電信って何のことだかもうわからないかもしれませんが、大雑把に言えば文字をコード化された信号に直して無線または有線で遠方に送ることで、ファクシミリは画像を何らかの信号に変換して同じように送る仕組みです。今で言えばテキストファイルを送るか画像ファイルを送るかみたいな違いです。

画像ですから情報を取り込む装置も大変ですし、情報量が多いので電信に比べれば送るのに時間がかかるのは想像できると思います。このため情報を送るという意味では、電信の方が遥かに効率が良くアルファベットをコード化するだけで済む欧米諸国では、どうしても画像をおくる必要があるときのみに使われる特殊なもので、電信を効率よく送ることが出来るテレックスというサービスのほうが一般的でした。

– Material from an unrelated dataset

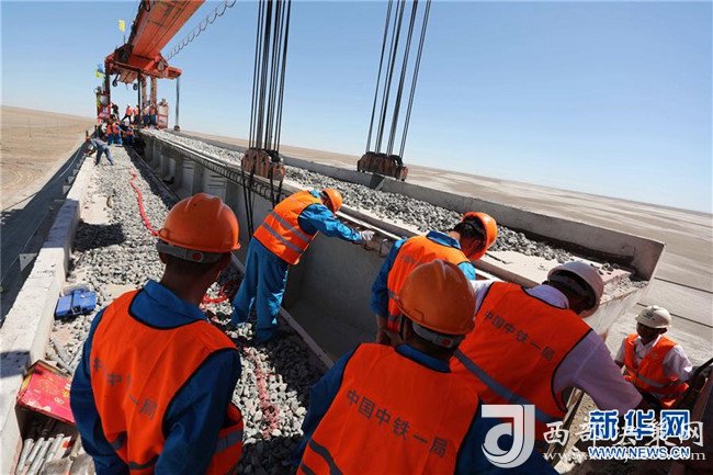 8月17日,在新疆若羌縣,施工人員對合龍后的臺特瑪湖特大橋進(jìn)行最后檢查,確保梁體精準(zhǔn)對位。8月17日11時58分,在一組架橋機(jī)和運梁機(jī)的協(xié)調(diào)配合下,隨著最后一孔T型梁上的梁體精準(zhǔn)吊裝到位,全長24.558公里、歷時2年建設(shè)的格庫鐵路(青海格爾木——新疆庫爾勒)最長鐵路橋——新疆臺特瑪湖特大橋?qū)崿F(xiàn)合龍。新華社發(fā)
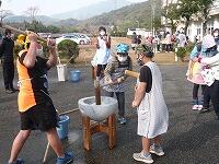 もちつき大会では、たくさんの保護者の方々のご協力のもと、予定したもち米を全てつき終わることができました。今年は、1年生を含め、転入してきた7名が本校で初めてのもちつきを体験しましたが、自然に子どもたちも保護者も笑顔になるとても楽しいもちつきにすることができました。ただ6年生とっては、今回が最後のもちつきになり、もちつきをしている姿を見ていて、何となくさびしい気持ちにもなりました。6年間行ってきたもちつきをいい思い出にしてほしいと思います。

日本では漢字がコード化されるのはだいぶ後になってからですし、電信であってもカナ文字で送る必要があり、電報も基本的にはカナしか使えませんでした。このため手書きの漢字がそのまま画像として送れるファクシミリは特に書類をやり取りする必要のあるビジネスシーンでは重宝され、ネットが普及する以前はオフィスには必需品となっていました。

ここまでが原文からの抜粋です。